■ **Task details**:
Return each of the entries below precisely, with no pictures in the result.

■ **Dataset**:
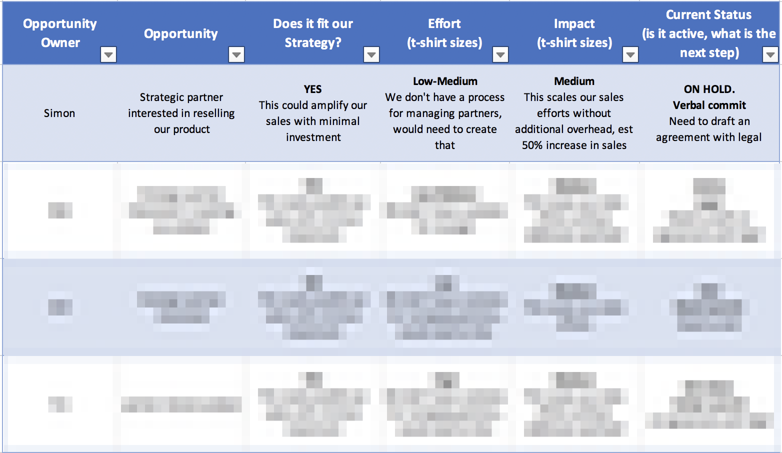 No matter the stage of business, there are inevitably decisions to be made with finite resources. How you evaluate one strategic opportunity over another can help determine where to spend that time - to hopefully spend it wisely. Tracking opportunities requires focus on the right ones, an approach to evaluation of one opp against another, and how the business accesses and shares this information to build alignment. Your team likely has a CRM to work funnel opportunities, but tracking of the strategic opportunities is much less standardized. This post explores a framework to both simplify and standardize the tracking of those opportunities.
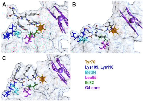 In the most potent thrombin inhibitor, TBA–YWN, Tyr17 stacked with the T3 base most of the time (Figure 5A). This was clearly observed from the dynamics of the angle and distance between the two residues (Figure S4). The Tyr17 aromatic ring was able to flip occasionally, as confirmed by a quick change in the angle between normals from 20–40° to 130–160°. Periodically, the T3 pyrimidine base insignificantly weakened its contacts with Tyr76 (Figure S4), but overall, the stacking system Tyr17–Thy3–Tyr76 was highly stable. The most notable contribution to the additional interactions of TBA–YWN with thrombin should be attributed to Trp18, which is allocated in close proximity to the residues Met84, Leu65, and Ile82. The distance between these amino acids and Trp18 is predominantly within the range of 4–6 Å. The cumulative value of van der Waals and electrostatic interactions was highest for the pair Trp18–Met82, thus pointing to the major role of Met82 in the direct contact with the YWN subunit (Figure S4). The terminal residue Asn19 turned outward from the complex and did not form stable contacts with the protein. Despite this fact, Asn19 may play an important role as a steric barrier between thrombin and fibrinogen. Indeed, this configuration is preserved by highly stable arrangements of Tyr17 and Trp18.
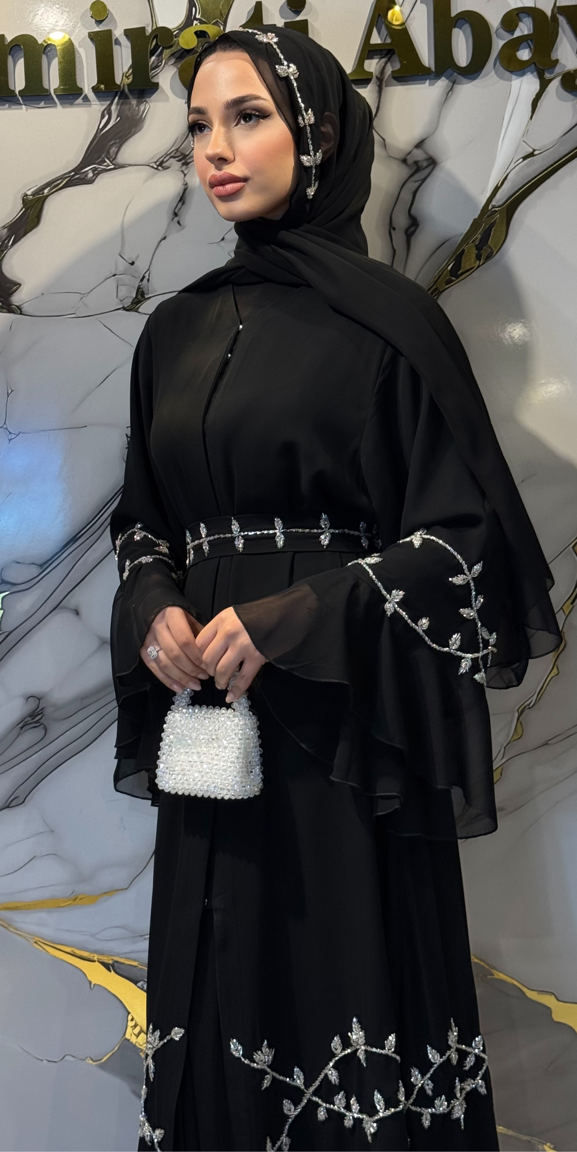 Inspired by Dubai style, this exclusive abaya combines elegance and luxury with high-quality black Korean chiffon fabric and handcrafted Swarovski crystal embellishments . The lightweight and flowing chiffon texture offers all-day comfort, while the sparkle of the Swarovski crystals adds a dazzling touch of sophistication to the design.
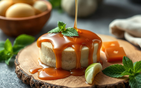 A creamy dessert is drizzled with caramel sauce on a wooden platter with fresh mint
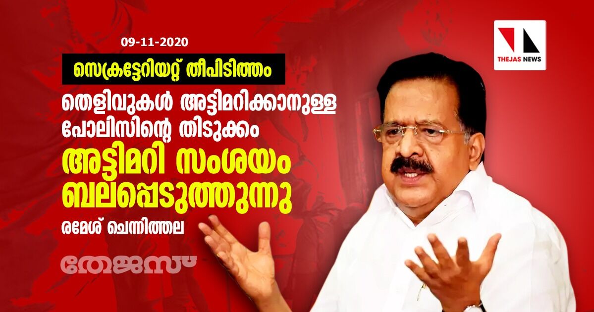 സെക്രട്ടേറിയറ്റ് തീപിടിത്തം: തെളിവുകള് അട്ടിമറിക്കാനുള്ള പോലിസിന്റെ തിടുക്കം അട്ടിമറി സംശയം ബലപ്പെടുത്തുന്നു- രമേശ് ചെന്നിത്തല
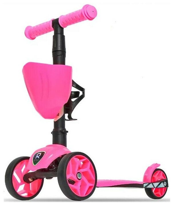 Cамокат трехколесный детский BuggyBoom Alfa Mini XR с корзинкой и подстаканником для бутылок, розовый 004-8057
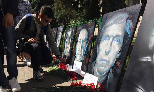 Активисты движения «Антимайдан» зажгли свечи и возложили цветы в Леонтьевском переулке, напротив посольства Украины в России, в память о работниках СМИ, которые погибли, выполняя свой профессиональный долг.

■ **Solution**:
 No matter the stage of business, there are inevitably decisions to be made with finite resources. How you evaluate one strategic opportunity over another can help determine where to spend that time - to hopefully spend it wisely. Tracking opportunities requires focus on the right ones, an approach to evaluation of one opp against another, and how the business accesses and shares this information to build alignment. Your team likely has a CRM to work funnel opportunities, but tracking of the strategic opportunities is much less standardized. This post explores a framework to both simplify and standardize the tracking of those opportunities.
 In the most potent thrombin inhibitor, TBA–YWN, Tyr17 stacked with the T3 base most of the time (Figure 5A). This was clearly observed from the dynamics of the angle and distance between the two residues (Figure S4). The Tyr17 aromatic ring was able to flip occasionally, as confirmed by a quick change in the angle between normals from 20–40° to 130–160°. Periodically, the T3 pyrimidine base insignificantly weakened its contacts with Tyr76 (Figure S4), but overall, the stacking system Tyr17–Thy3–Tyr76 was highly stable. The most notable contribution to the additional interactions of TBA–YWN with thrombin should be attributed to Trp18, which is allocated in close proximity to the residues Met84, Leu65, and Ile82. The distance between these amino acids and Trp18 is predominantly within the range of 4–6 Å. The cumulative value of van der Waals and electrostatic interactions was highest for the pair Trp18–Met82, thus pointing to the major role of Met82 in the direct contact with the YWN subunit (Figure S4). The terminal residue Asn19 turned outward from the complex and did not form stable contacts with the protein. Despite this fact, Asn19 may play an important role as a steric barrier between thrombin and fibrinogen. Indeed, this configuration is preserved by highly stable arrangements of Tyr17 and Trp18.
 Inspired by Dubai style, this exclusive abaya combines elegance and luxury with high-quality black Korean chiffon fabric and handcrafted Swarovski crystal embellishments . The lightweight and flowing chiffon texture offers all-day comfort, while the sparkle of the Swarovski crystals adds a dazzling touch of sophistication to the design.
 A creamy dessert is drizzled with caramel sauce on a wooden platter with fresh mint
 സെക്രട്ടേറിയറ്റ് തീപിടിത്തം: തെളിവുകള് അട്ടിമറിക്കാനുള്ള പോലിസിന്റെ തിടുക്കം അട്ടിമറി സംശയം ബലപ്പെടുത്തുന്നു- രമേശ് ചെന്നിത്തല
 Cамокат трехколесный детский BuggyBoom Alfa Mini XR с корзинкой и подстаканником для бутылок, розовый 004-8057
 Активисты движения «Антимайдан» зажгли свечи и возложили цветы в Леонтьевском переулке, напротив посольства Украины в России, в память о работниках СМИ, которые погибли, выполняя свой профессиональный долг.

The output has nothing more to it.